The University of Maine Art Center at Farmington Emery plans to close out the summer season with two new exhibitions. “Aquarium” by Fred Dearnley is shown. Photo sent
The University of Maine Art Center at Farmington Emery plans to close out the summer season with two new exhibitions.
They include “Collaboration: The Power of Two,” featuring art by Meredith Mustard and Judy (Foss) Tollefson, and “New Works” by photographer Fred Dearnley, according to a statement from the center.
“Collaboration: The Power of Two” will be on display from Friday, August 12 through Friday, September 16 at Emery’s Flex Gallery. “New Works” will be on display from Monday, August 29 through Friday, October 14 in the lobby area of Emery.
A joint public reception is scheduled from 5 to 7 p.m. Thursday, September 8. Exhibitions are free and open to the public.
“Botanicals”, mono print on Meredith Mustard fabric. Photo sent
“Collaboration: The Power of Two” is an exhibition of analog and digital collage created by alternative processes of making graphics, stencils, transfers and botany. The exhibit also includes wearable art designed with hand-printed fabric.
Tollefson and Mustard have worked together for more than 40 years. They discovered this connection in Berkeley, California when they joined forces at the calligraphy studio Moss Foss & Mustard.

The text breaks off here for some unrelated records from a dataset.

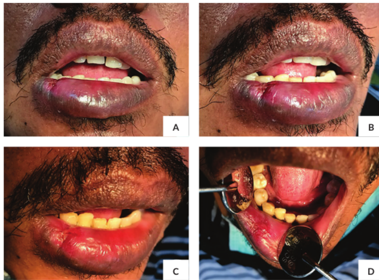
Figure 3. Lower lip dextral showed no abscess (A). the vermilion region showed ulceration after spontaneous drainage (B-C). The labial mucosa is normal (D).
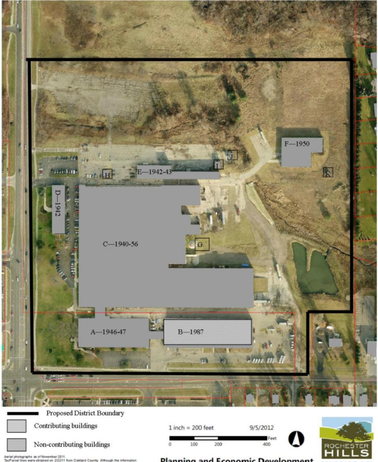
National Twist Drill Historic District 6825, 6841, and 6875 N. Rochester Road, Rochester Hills, Oakland County Proposed District Boundary Map

Planning and Economic Development MICHIGAN
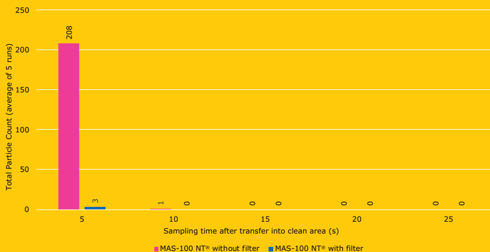
Figure 2: Transfer of particles from high to low contaminated environments.
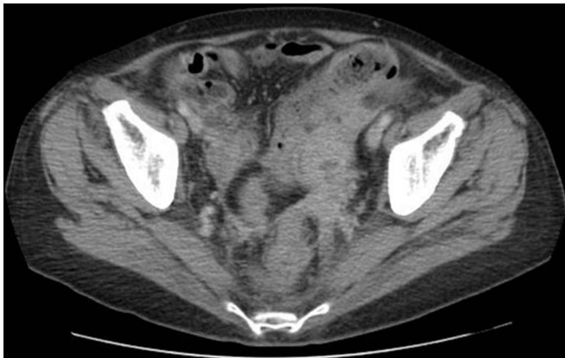
Figure 1: Abdominal CT scan demonstrating a sigmoid tumor like mass
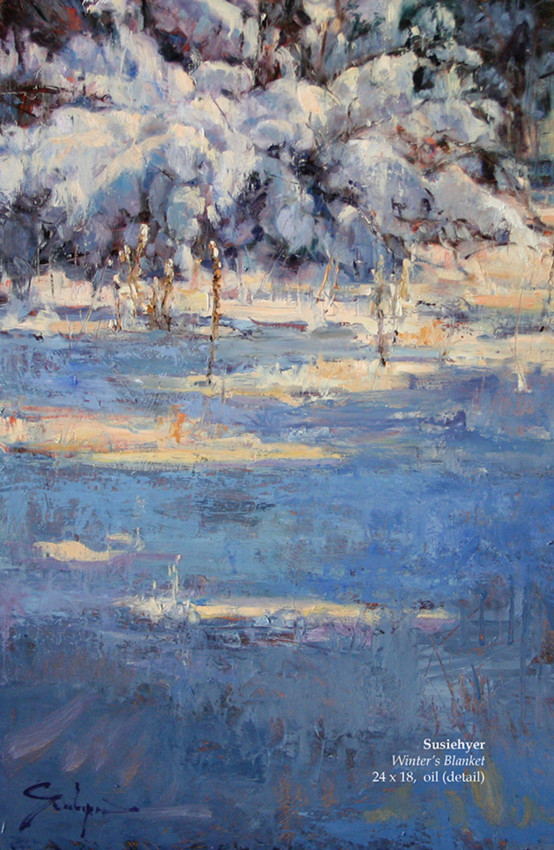
Susiehyer Winter's Blanket 24 x 18, oil (detail)
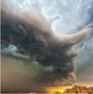
Dissipating Anger via Prayer
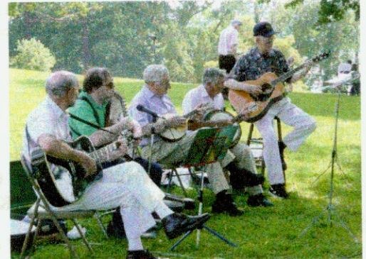
The Five Friends On The Front Lawn
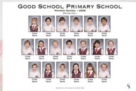
8x12 Composite Group with names

School chooses the format for Groups, Traditional or Composite
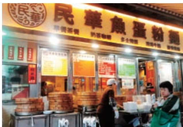
▲Popular cha chaan teng

On weekends, many young people in Hong Kong have a barbecue to enjoy something unusual that they cannot experience in their daily life. Numerous barbecue sites in the suburbs draw many young people on weekends. Hong Kong also has a lot of barbecue shops, where you can purchase barbecue foodstuffs and equipment. Also, there are barbecue sections in supermarkets, indicating the vast popularity of this leisure activity. Food trends among young people in Hong Kong are deeply related to their notable fondness for “diversity” and “unusualness.”
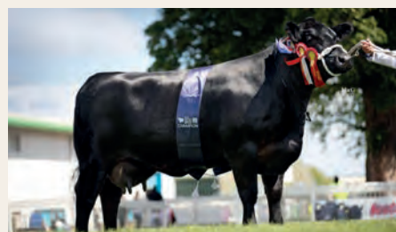
ABERDEEN ANGUS WD Allen Stouphill Quorum
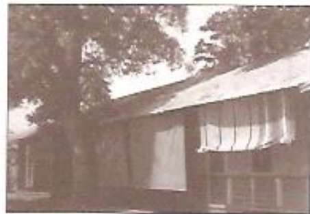
Darwin Hydro Section, Wood Street, 1963
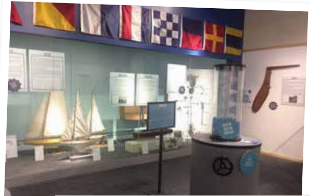
How Does That Work? opened over the summer at the Dossin, offering a hands-on, interactive look at the mechanics of boats and maritime tools like periscopes, rudders, lighthouse lenses, outboard motors, steam engines and flares.
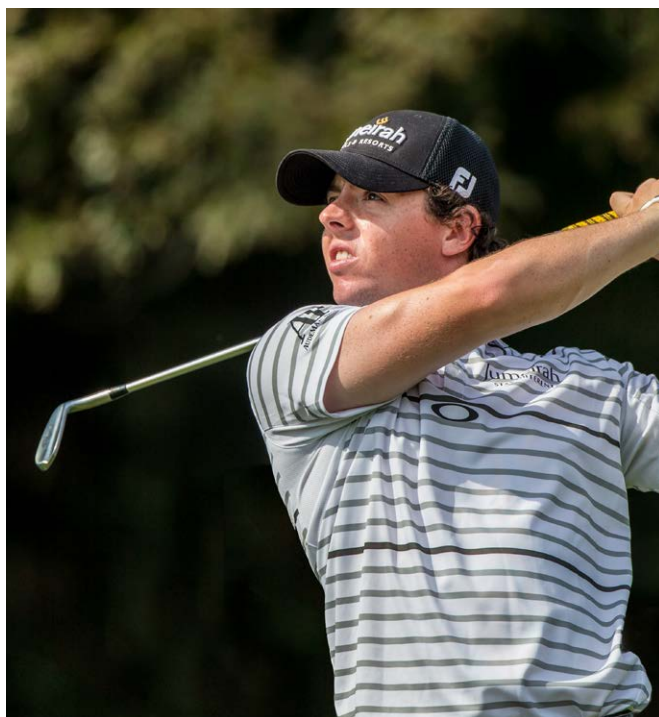
Rory McIlroy hits a shot on Bethpage Black at the Barclays. Farmingdale, NY. August 21, 2012

To add more history to the occasion, this year's event will be held at St Andrews in Scotland, long thought of as golf's spiritual home.
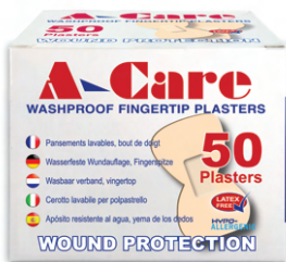
ACP102 – Fingertip (Box 50)
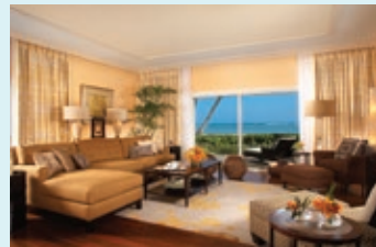
Kahala Beach Suite
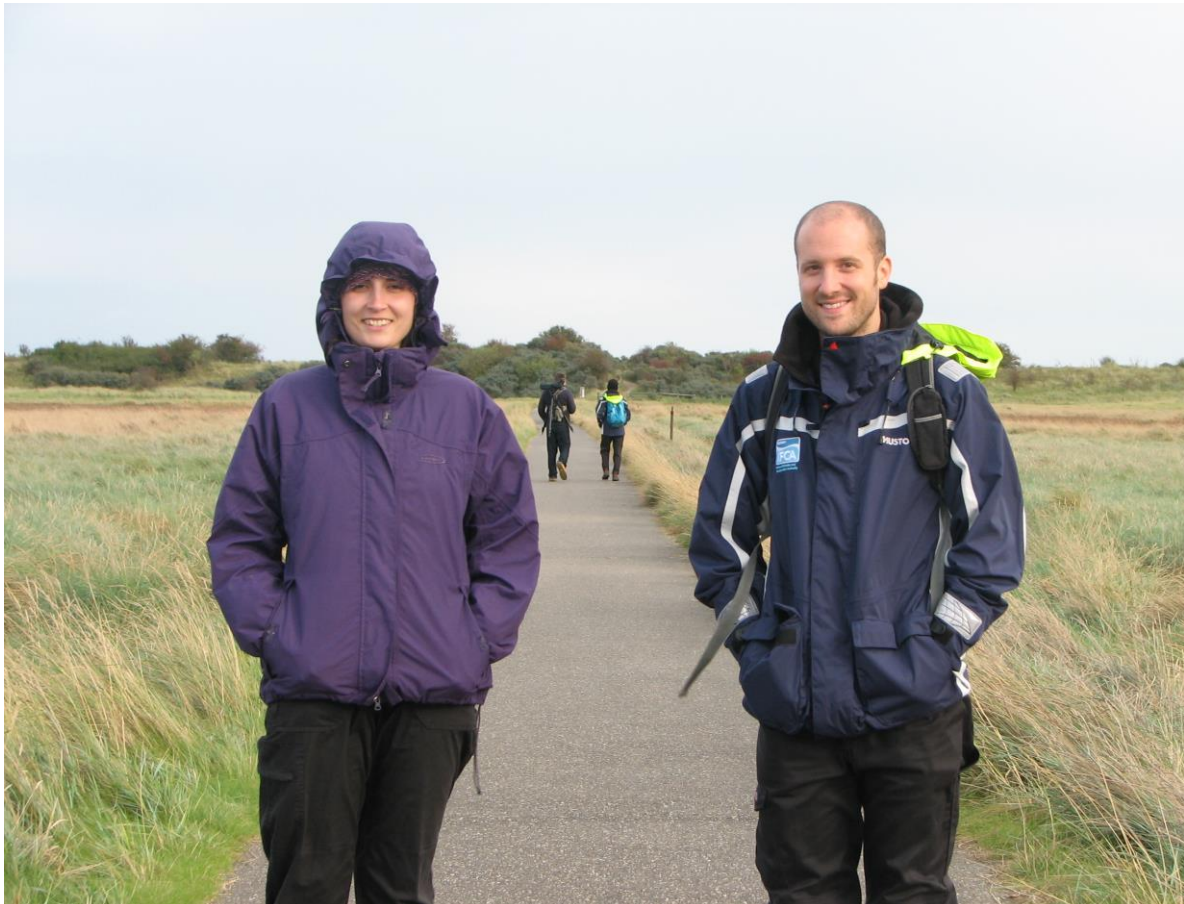
26. Gibraltar Point site visit

* The environment team has one Senior Marine Environment Officer and three Marine Environment Officers, filling a total of 3.7 Full Time Equivalent posts. Taking into account weekends, public and personal holidays, the team has a maximum total of 856 working days available during 2015/16. Of these days, it has been estimated that 20% will be required to fulfil staff development requirements (including training and appraisals) and necessary administration duties (planning, managing, liaison and reporting). This leaves a total of 749 days Environment officer time available during 2015/16, which, with the team now at full capacity, delivers an increase of 12.5% on 2014/15.
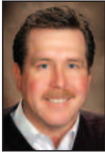
by Craig Eccher

AS WE ENTER the new year, it seems natural to look ahead to the future.
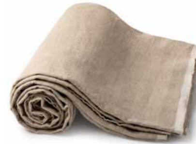
NATURAL 165x250 ART NO: 2024-64 165x320 ART NO: 2024-65
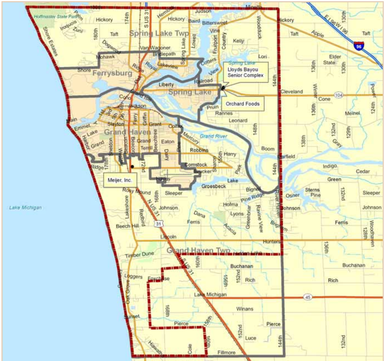
Figure 1-1 Study Area
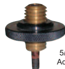
5/8" Accessory Adaptor (10250)

York Survey Supply Centre manufactures a full range of Ground, Wall and Floor Markers, suitable for a variety of conditions and marking requirements. Please call for details.
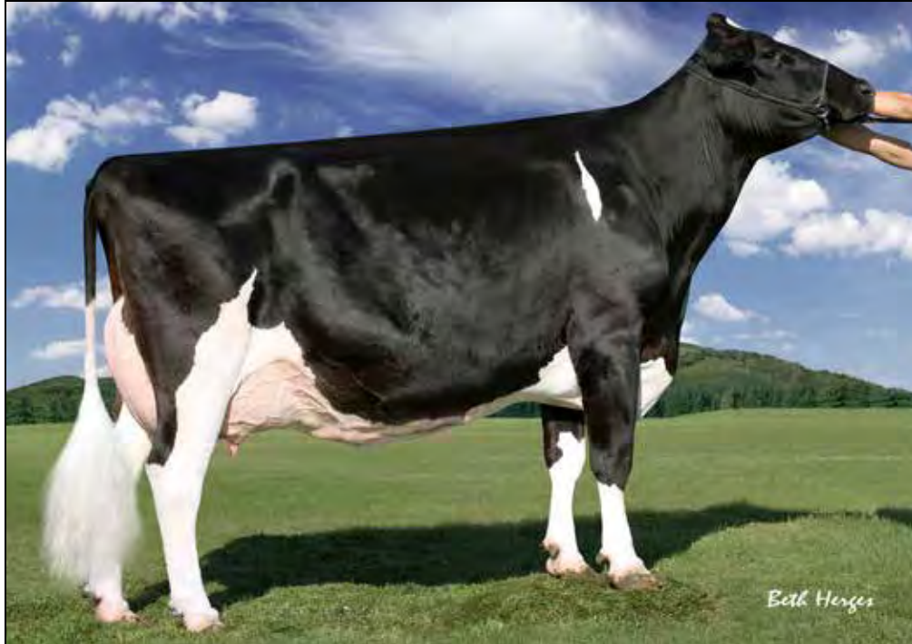
REGANCREST-PR BARBIE-ET EX-92 GMD DOM FULL SISTER TO RGNCREST DURHAM BLISS
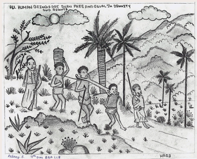
Ashray S., 7 th Sem. B.B.A.,LL.B. - 1 st Place
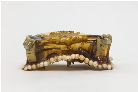
Sharona Franklin Survival Repose , 2021 Gelatin, tapioca pearls, sanitary alcohol wipes, metal hardware, & gerbera daisy 2 1/2 x 8 x 3 1/1 inches
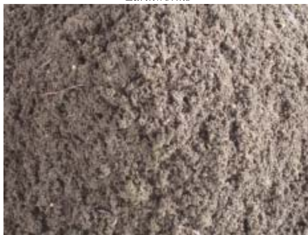
Final Product of Vermicomposting

in 100l of water) was sprinkled and kept for 8-10 days. After the incubation period, 2.5 kg of earthworms were released in to the pit at 3-4 spots. Later on cow dung
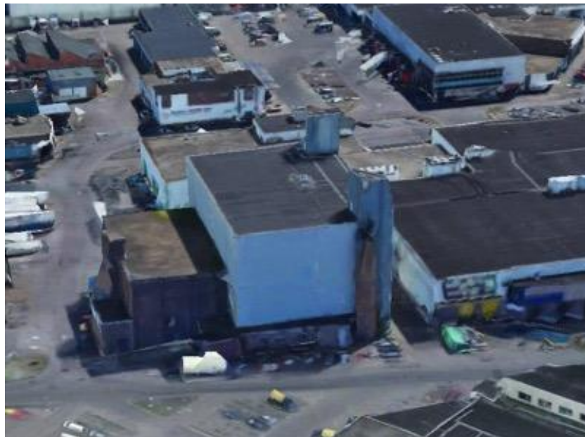
2. Building covered with sheet metal panels before their removal. Google Earth View

As previously mentioned, the entire building has completely covered with insulating panels [Fig. 2] in 1988 to address the issue of improper insulation that was causing serious damages to the artworks kept inside (is worth noting that the facility was used to store the artworks of the Stedelijk and History Museum).
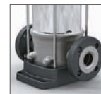
Round flange Movitec VF

Min. NPSH data for low-NPSH impeller (available for sizes 2, 4, 6, 10 & 15 only)
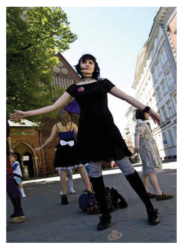
Pict. 20. 3 min. Lolita gathering, May 2009, Riga.
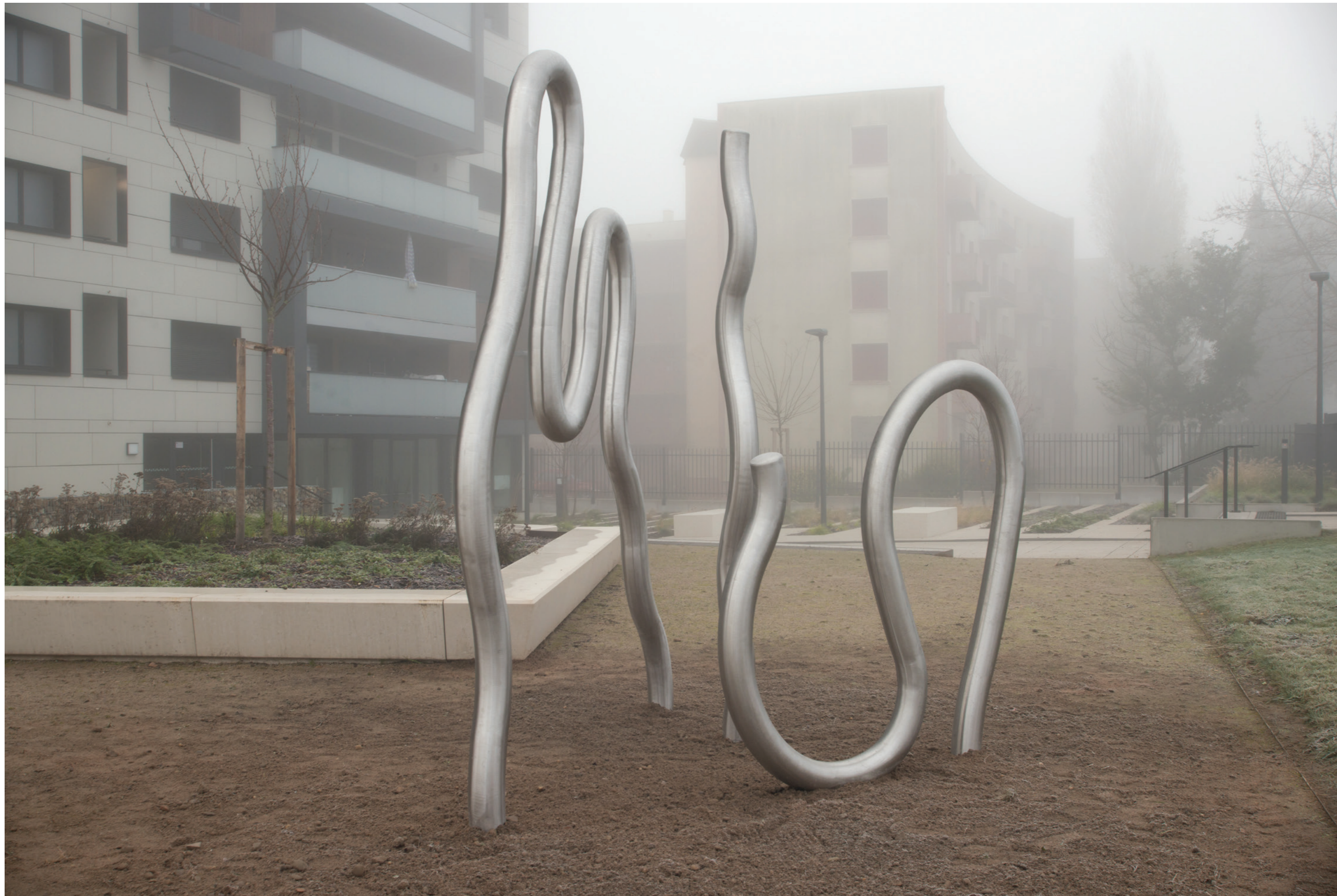
MIS, Extrait d'un Paysage-Écriture , stainless steel, 350 × 246 × 177 cm, 2023
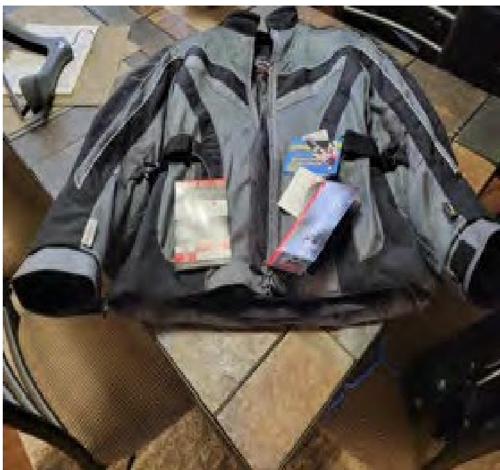
Olympia Moto Sports – Multi Season, Multi Function Thermolite Women's Large Jacket. Hard protection in elbow and shoulder area (paid $400, will sell for $200) Contact 509-366-8449
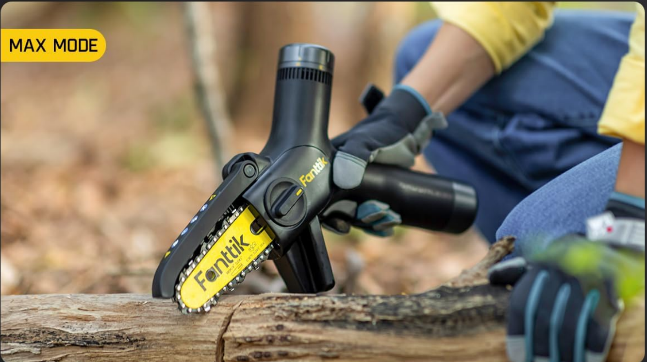
Figure 4.1: Fanttik W10 APEX Mini Chainsaw speed modes in action.
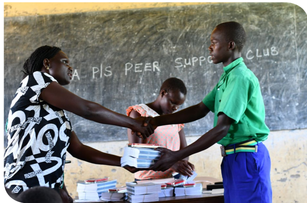
AfriChild rewards students of Atira Primary School with books for successfully steering menstrual hygiene management in school
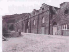
Foyers Aluminium Works
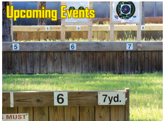
New Lane Numbers on pistol range by Vic Paladini

Grand Prairie Education Committee 972-641-9940 (leave message)
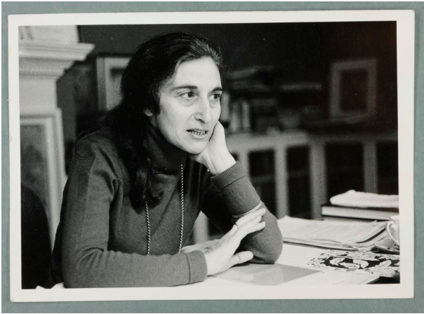
Figure 1. Ruth Praver Jhabvala.
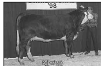
LaBatte '98 high seller
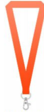
Red Orange PMS 172
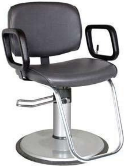
1810V All Purpose Chair w/ Enviro Base

Foot-operated hydraulic base - 7.5 years, Reclining mechanism - 5 years, Molded urethane arms - 3 years
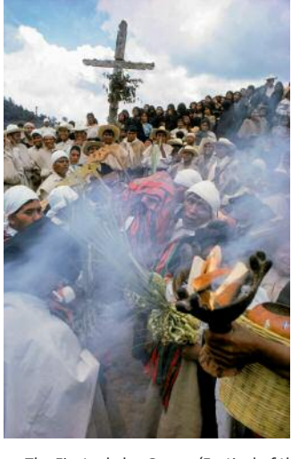
o4 The Fiesta de las Cruces (Festival of the Crosses) is celebrated in San Juan Chamula, the principal town of the Indigenous Tzotzil people. Chiapas, Mexico. 1962.
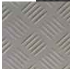
Checker Chequered pattern
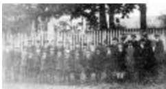
St. Michael's Boys' School students, Alert Bay, BC (13a-c004554-d0017-001)
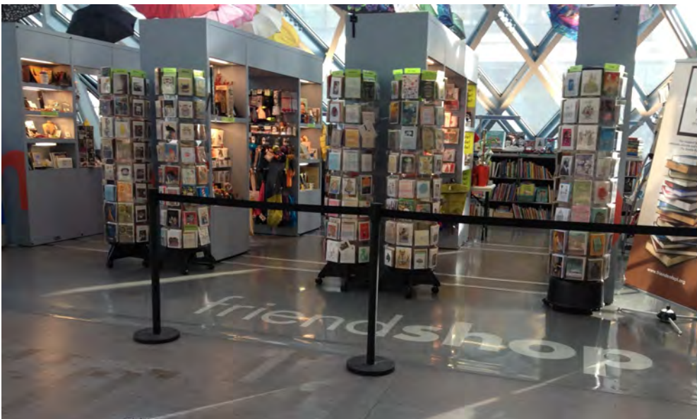
The Friends Store is very spacious.

The library opened in 2004 and comprises 363,000 square feet and 11 levels. It can hold more than 1.4 million books and provides 350 public computers with wireless Internet access. AND it includes a large Friends store!
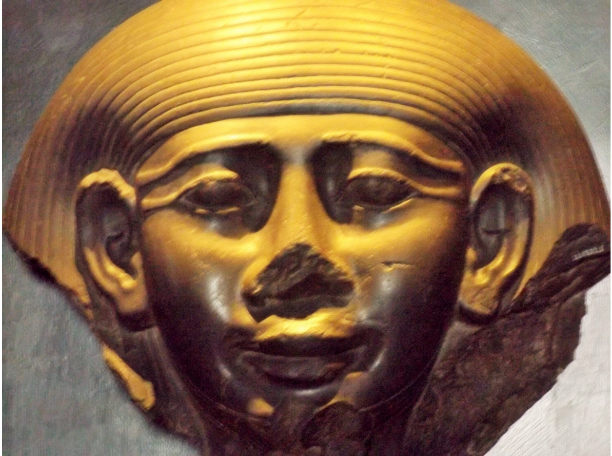
An unknown figure in Late Period Egypt. Date unknown. Egyptian Museum, Vatican.
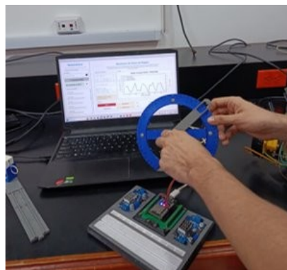
Figure 3. Tests performed by students of the Mechatronics Engineering program.

These findings are consistent with recent studies on active learning in IoT-based environments [1], where the combination of physical hardware and digital simulation increases conceptual retention and student motivation (Figure 3).

What the two envisioned together eventually became a partnership called Two Imagine Studios.
“Calendar Page,” digital collage and design by Judy (Foss) Tollefson; analog collage by Meredith Mustard. Photo sent
Circumstances led them to be neighbors in Farmington, sharing a studio during the pandemic.
This exhibition follows some of the threads of their story, and includes calendars and greeting cards, prints on paper and fabric, wearable art and other elements that contributed to their shared vision. Some early works and part of the current work are presented at the exhibition.
Dearnley’s photography is a fusion of art and science. Originally working as a marine biologist, his early photographic work documented the amazing designs of the microscopic organisms he studied. He later worked as a photographer at the Center for Visual Studies at Unity College, where he found that teaching photography helped him visualize photography as an art form.
For the last few years, he has been experimenting with the interaction of human activity/design with the environment and the realization that photography is the idea of what was seen and felt at the time, an image of an ephemeral event.
Emery Arts Center Gallery is located on Academy Street in downtown Farmington. The working hours of the gallery are from 9 a.m. to 3 p.m. From Monday to Friday. Check wpsites.maine.edu/emerycommunityartscenter for holiday closings.